Ahead of The Gathering’s upcoming live shows in November as a twenty fifth anniversary celebration, keyboardist Frank Boeijin took the time to speak to Swirls of Noise about the band’s history, his favourite songs, the upcoming shows, the success in South America and more. Enjoy:

Hi Frank and many thanks for taking the time to speak to Swirls of Noise.

Hi there! My pleasure! 

First off, The Gathering announced in January that they would be going on a hiatus and that Marjolein would be leaving the band. After 25 years, what led to the decision to take the time out?

We have been rehearsing, performing, composing, producing and recording music for almost 25 years in a row now. It just feels good to have nothing on the agenda for a change. Besides that, it will also fresh up our inspiration and urgency to make music. Not sure for how long this break will be (could be half a year or maybe 4 years, we just dont know yet), but it feels good at this point in our lives.
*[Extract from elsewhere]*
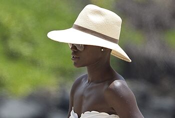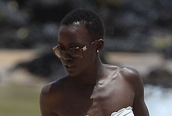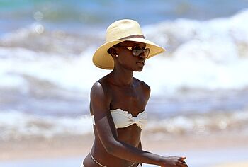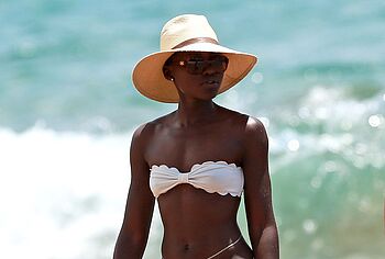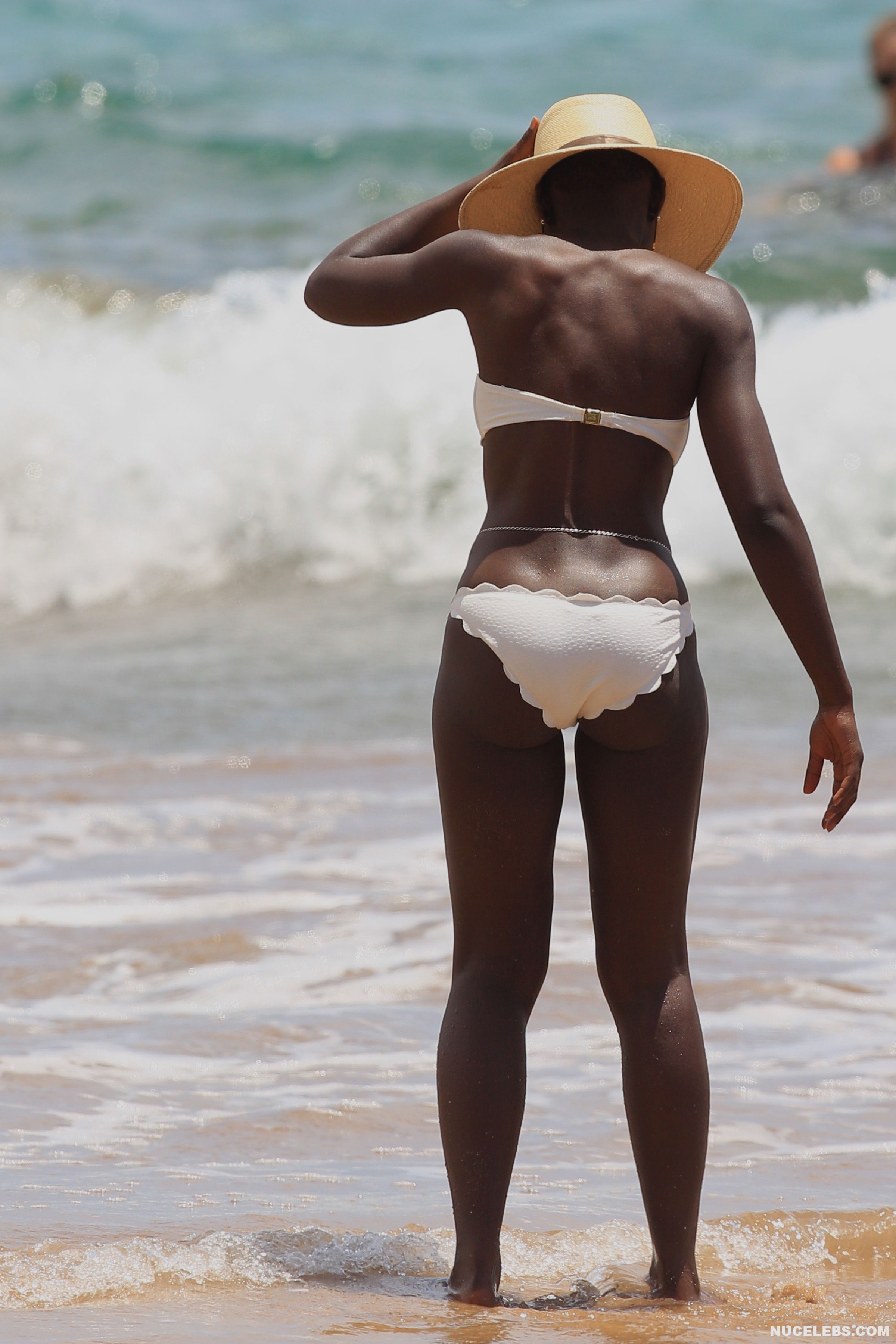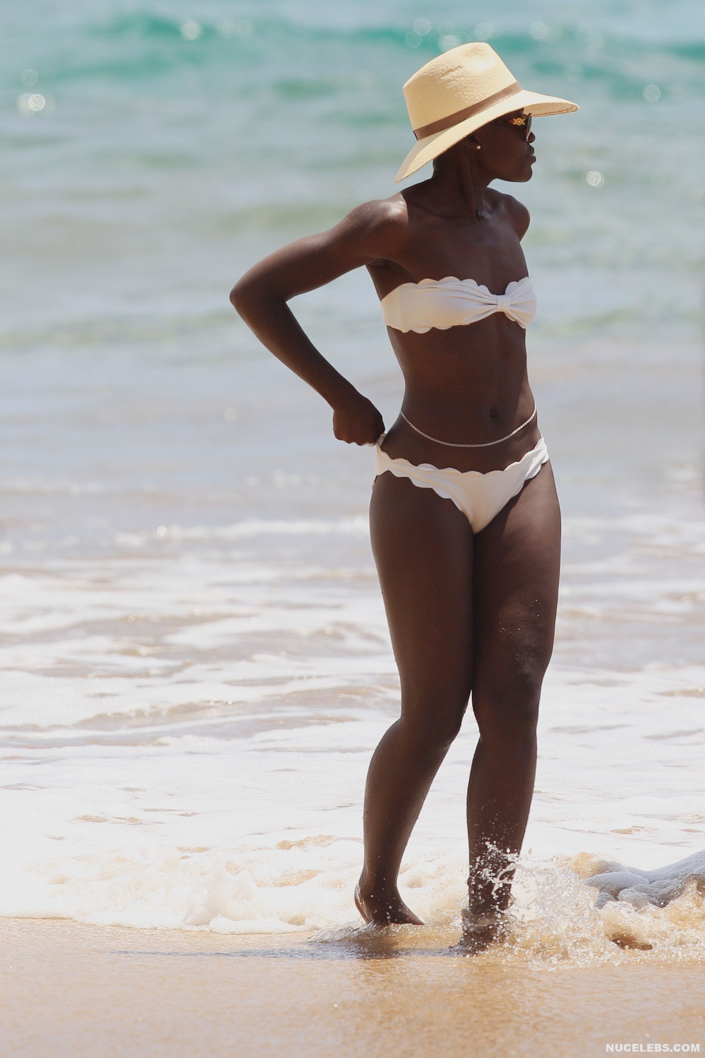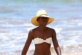 You might start to drool looking at Lupita Nyong’o’s perfect body in a white bikini. Her sweet ass looked especially sexy in tight white panties. And the small bra seemed ready to slip off her tits at any moment. Also, the paparazzi managed to take Lupita Nyong’o upskirt pictures in a silver dress when she got out of the car.

Back in June you announced that you’ll be reforming to play two 25th anniversary shows on the same day, featuring all the former members (besides Martine) who’ve previously played with The Gathering. How long were you planning this for before it was announced, and how did such a momentous occasion come about?

Of course we knew the 25th anniversary date was coming (autumn 1989). We first wanted to just rent a venue and start a party and invite all old former bandmembers, but then we thought why not ask everybody who was in the band to play some songs and make a live gig out of it.
Well, one thing led to another and before we knew it we had 2 sold out shows.

The 1992 era lineup reformed back in 2012 as the 20th anniversary of the Always…album for a handful of shows. How difficult was it revisiting material from so long ago, and when will you start rehearsing for this round of reunion shows?

The Gathering back in 1992

Well the TG92 shows were a one off thing in 2012, there are no plans that we are going to play more shows. But this entire line up will be at the 25th anniversary so we definitely play some Always.. songs for sure. It was very fun to revisit these songs, its like stepping into a time machine. The minute we started playing in the rehearsal room it almost felt we were back there… We used all the old gear as much as possible to create the same sound. It worked out pretty well!

People are coming from all around the world for these shows, did you envisage such a reaction when you announced the shows?

To be honest, not at all. Its been a while ago with some line up changes and of course we thought that some people might get excited, but not that many.. especially because its been a while.

One thing that has made a lot of people excited has been the return of the previous iconic vocalist Anneke Van Giersbergen. After she left the band in 2007 have you been following the music she’s been creating herself, and vice versa?

Anneke Van Giersbergen fronted The Gathering from 1994 to 2007

I listened to some of her songs online, but never to entire albums. Its quite different compared with what we are doing nowadays. I don’t know if Anneke kept track our music during the years.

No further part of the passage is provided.